Thursday, January 12, 2023

You Will Not Recognize Me

OK, motherfuckers - I got some time today.

Got the day off. Thank fucking Christ. 

I am trying to fill my brain up with the realization that the shit I whine about is petty. Less than petty. Is there a more humiliating word than petty? Frivolous? Narrow-minded? Pathetic? There it is. Pathetic.

The things I whine about are pathetic.

I am trying to rearrange my thinking; get my view of the world right - realistic.

Hence the admission that children with cancer are far worse off than me. I need to think about that every time I complain about how fat or tired or poor I am.

Damar Hamlin. He is another reality I need to compare myself to. The man was living his dream - living his fucking dream - and he almost died. He may never play football again. Yet he remains positive. He is now raising money for first responders and the University of Cinncinnati Medical Center in appreciation. Instead of feeling sorry for himself.

Michael J. Fox.
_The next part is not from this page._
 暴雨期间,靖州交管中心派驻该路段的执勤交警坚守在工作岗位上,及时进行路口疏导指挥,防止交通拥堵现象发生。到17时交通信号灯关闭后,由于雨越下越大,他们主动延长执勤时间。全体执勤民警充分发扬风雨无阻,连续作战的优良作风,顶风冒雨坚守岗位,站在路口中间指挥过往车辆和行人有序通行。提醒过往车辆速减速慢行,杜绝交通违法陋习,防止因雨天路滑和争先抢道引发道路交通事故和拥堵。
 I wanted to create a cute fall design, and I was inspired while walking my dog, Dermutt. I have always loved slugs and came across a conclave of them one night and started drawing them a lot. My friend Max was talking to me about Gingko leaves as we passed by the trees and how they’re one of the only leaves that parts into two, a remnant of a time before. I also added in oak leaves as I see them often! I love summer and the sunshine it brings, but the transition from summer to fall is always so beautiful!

I am currently reading his most recent book - No Time Like The Future - An Optimist Considers Mortality.

I understand he has Parkinson's - I had no understanding how pervasive it's effects are until I started reading this book. This disease makes his life a living hell - every fucking movement has to be planned out, thought about in advance and executed carefully. Or he falls. Just walking around the corner from his apartment is like executing a military maneuver.
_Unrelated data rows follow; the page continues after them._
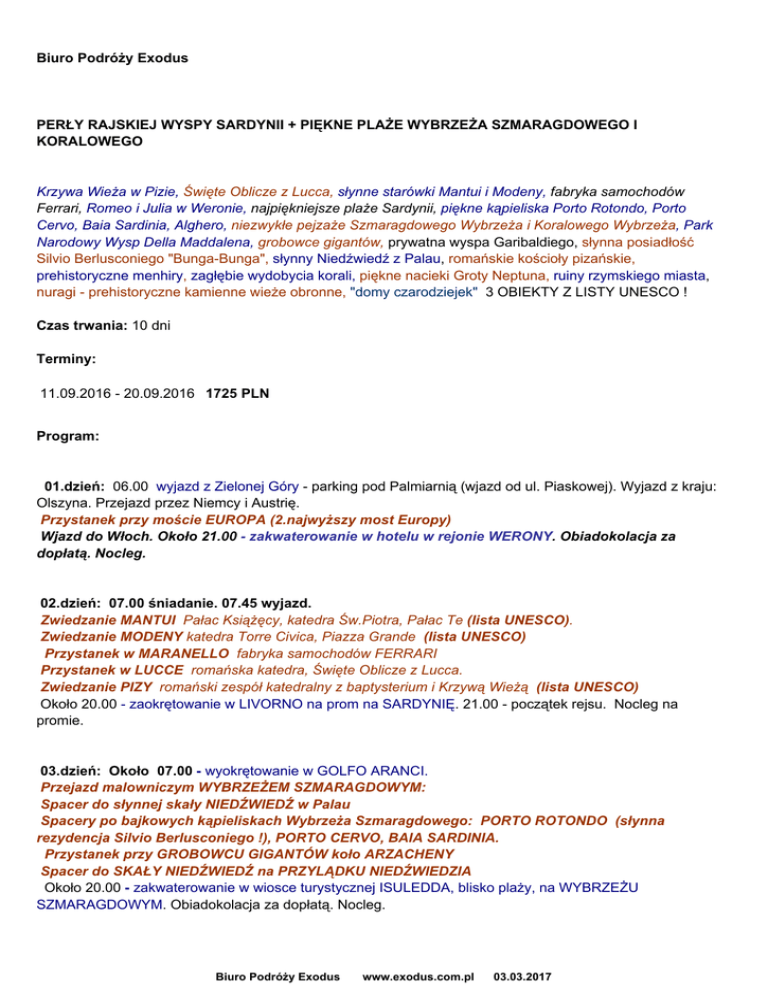 Biuro Podróży Exodus PERŁY RAJSKIEJ WYSPY SARDYNII + PIĘKNE PLAŻE WYBRZEŻA SZMARAGDOWEGO I KORALOWEGO Krzywa Wieża w Pizie, Święte Oblicze z Lucca, słynne starówki Mantui i Modeny, fabryka samochodów Ferrari, Romeo i Julia w Weronie, najpiękniejsze plaże Sardynii, piękne kąpieliska Porto Rotondo, Porto Cervo, Baia Sardinia, Alghero, niezwykłe pejzaże Szmaragdowego Wybrzeża i Koralowego Wybrzeża, Park Narodowy Wysp Della Maddalena, grobowce gigantów, prywatna wyspa Garibaldiego, słynna posiadłość Silvio Berlusconiego "Bunga-Bunga", słynny Niedźwiedź z Palau, romańskie kościoły pizańskie, prehistoryczne menhiry, zagłębie wydobycia korali, piękne nacieki Groty Neptuna, ruiny rzymskiego miasta, nuragi - prehistoryczne kamienne wieże obronne, "domy czarodziejek" 3 OBIEKTY Z LISTY UNESCO ! Czas trwania: 10 dni Terminy: 11.09.2016 - 20.09.2016 1725 PLN Program: 01.dzień: 06.00 wyjazd z Zielonej Góry - parking pod Palmiarnią (wjazd od ul. Piaskowej). Wyjazd z kraju: Olszyna. Przejazd przez Niemcy i Austrię. Przystanek przy moście EUROPA (2.najwyższy most Europy) Wjazd do Włoch. Około 21.00 - zakwaterowanie w hotelu w rejonie WERONY. Obiadokolacja za dopłatą. Nocleg. 02.dzień: 07.00 śniadanie. 07.45 wyjazd. Zwiedzanie MANTUI Pałac Książęcy, katedra Św.Piotra, Pałac Te (lista UNESCO). Zwiedzanie MODENY katedra Torre Civica, Piazza Grande (lista UNESCO) Przystanek w MARANELLO fabryka samochodów FERRARI Przystanek w LUCCE romańska katedra, Święte Oblicze z Lucca. Zwiedzanie PIZY romański zespół katedralny z baptysterium i Krzywą Wieżą (lista UNESCO) Około 20.00 - zaokrętowanie w LIVORNO na prom na SARDYNIĘ. 21.00 - początek rejsu. Nocleg na promie. 03.dzień: Około 07.00 - wyokrętowanie w GOLFO ARANCI. Przejazd malowniczym WYBRZEŻEM SZMARAGDOWYM: Spacer do słynnej skały NIEDŹWIEDŹ w Palau Spacery po bajkowych kąpieliskach Wybrzeża Szmaragdowego: PORTO ROTONDO (słynna rezydencja Silvio Berlusconiego !), PORTO CERVO, BAIA SARDINIA. Przystanek przy GROBOWCU GIGANTÓW koło ARZACHENY Spacer do SKAŁY NIEDŹWIEDŹ na PRZYLĄDKU NIEDŹWIEDZIA Około 20.00 - zakwaterowanie w wiosce turystycznej ISULEDDA, blisko plaży, na WYBRZEŻU SZMARAGDOWYM. Obiadokolacja za dopłatą. Nocleg. Biuro Podróży Exodus www.exodus.com.pl 03.03.2017 04.- 05.dzień: śniadanie. Czas wolny - plażowanie Możliwość udziału w fakultatywnej wycieczce statkiem do Parku Narodowego ARCHIPELAG DELLA MADDALENA 3 wyspy, kąpiel w morzu i obiad na pokładzie. Powrót do hotelu. Obiadokolacja za dopłatą. Nocleg. 06.dzień: 07.00 - śniadanie. 07.45 wyjazd. Przystanek przy PLAŻY POSADA najlepsza plaża Włoch. Przystanek w NUORO (SARDYŃSKIE ATENY) w BARBAGII KRAINIE DŁUGOWIECZNOŚCI" Zwiedzanie ORISTANO bazylika Santa Giusta, katedra. Przystanek na PÓŁWYSPIE SINIS ruiny starożytnego fenickiego miasta THARROS, starożytne kościoły San Giovanni i San Salvatore. Przystanek w S'ARCHITTU - piękna zatoka i piękne skały. Zwiedzanie BOSY - katedra św.Piotra, zamek Serravalle, dzielnica Sa Costa, jedna z najlepszych plaż Włoch. Przejazd malowniczym WYBRZEŻEM ZACHODNIM Około 20.00 - zakwaterowanie w wiosce turystycznej w ALGHERO, przy plaży, na WYBRZEŻU KORALOWYM. Obiadokolacja za dopłatą. Nocleg. 07.- 08.dzień: śniadanie. Czas wolny - plażowanie Możliwość udziału w fakultatywnej wycieczki do katalońskiego miasta ALGHERO i stamtąd statkiem do imponującego, skalistego przylądka CAPO CACCIA i do pięknej, nadmorskiej jaskini naciekowe GROTTA di NETTUNO. Powrót do hotelu. Obiadokolacja za dopłatą. Nocleg. 09.dzień: 07.00 śniadanie. 07.45 wyjazd. Zwiedzanie DOMÓW CZARODZIEJEK ANGHELU RUJU Zwiedzanie SASSARI - katedra św.Mikołaja, kościół Sta.Maria z Betlejem, fontanna Di Rosello. Przystanek przy kościele S.TRINITA di SACCARIA Przystanek przy kościele S.MICHELE di SALVENERO Zwiedzanie NURAGU SANTU ANTINE Około 19.00 - zaokrętowanie w GOLFO ARANCI na prom do LIVORNO. 20.30 - początek rejsu. Nocleg na promie. 10.dzień: około 07.00 - wyokrętowanie w LIVORNO. Przejazd przez Włochy, Szwajcarię, Austrię i Niemcy. Wjazd do kraju: Olszyna. Około 02.00 rozwiązanie imprezy w Zielonej Górze parking pod Palmiarnią. W cenie: autokar: wysokopokładowy, klimatyzacja, WC, video, napoje zimne i gorące (płatne) około 3550 km nocne przeprawy promowe Livorno - Golfo Aranci i Golfo Aranci - Livorno noclegi: 2 x kabina 4-osob.z łaz/WC na promach, 2 x 3 noce w wioskach tyrystycznych***-pokoje 2,3-osob.z łaz/WC wyżywienie: 7 x śniadanie (6 x wzmocnione) pilot BP EXODUS ubezpieczenie NW, KL, bagaż podatek VAT Dodatkowe opłaty: Biuro Podróży Exodus www.exodus.com.pl 03.03.2017 7 obiadokolacji (na życzenie, 6 z wodą i winem)- 385 zł wycieczki fakultatywne statkiem(na życzenie): Archipelag Della Maddalena - 35 Grota Neptuna wstępy do obiektów turystycznych - około 40 napoje do obiadokolacji w Weronie Uwaga: Uwaga: przy długich przejazdach autokar zatrzymuje się na 15-minutowe postoje każdorazowo po około 4-godzinnej jeździe. Nie bierzemy odpowiedzialności za punkty programu nie zrealizowane z przyczyn obiektywnych. Biuro Podróży Exodus www.exodus.com.pl 03.03.2017
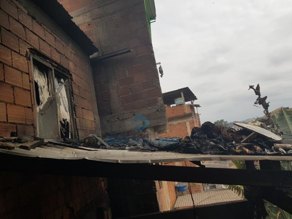As chamas atingiram parte desta residência no aglomerado da rua Pouso Alegre
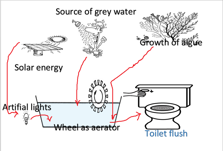 ii) System to grow plants by providing light at the bottom of grey water tank.When small plants like algue grows in that water, it helps to increase the oxygen level inside the grey water. This will work by using solar panel and LED lights.
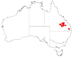 This species of Bertya confined to south-east Queensland, where the subspecies have disjunct distributions.[2] Subspecies brevifolia grows in open forest or woodland on shallow sandy soil on sandstone outcrops in the Carnarvon and Expedition Ranges in central Queensland, but subsp. lapicola grows in open forest communities and is confined to sandstone hills north of Helidon in south-east Queensland.[2]
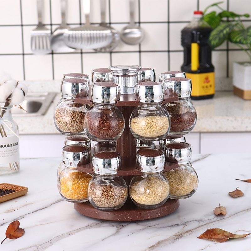Kitchen Supplies Small Seasoning Bottle Combination Small Seasoning Containers With Shelf Brown Double 16 Bottles

He has fallen many times and injured himself many times. Yet he keeps on trying.

And, in 2018, he had a tumor removed from his spine in a delicate and dangerous operation. The tumor was unrelated to Parkinson's. The surgery could have left him paralyzed, but he got through it, although he had to learn to walk all over again. With Parkinson's sabotaging his movements.

And the man remains positive.

Children with cancer fight, Damar Hamlin fights, Michael J. Fox fights. Millions of people fight every day against a million different roadblocks.

My life is not even close to what I thought it would be, but it is pretty fucking comfortable. Carol has triumphed over breast cancer and a brain tumor. I am beating melanoma and prostate cancer. We are alive and kicking. We have Keith and Krista and Craig and Amanda.

My thinking is coming around. I have embarrassed myself with a few bouts of whining already in 2023, but I immediately recognize how pathetic I sound and burn that fact into my brain.

I will overcome my self-pity. I am on the road to becoming the best man I possibly can.

You will not recognize me when I get there.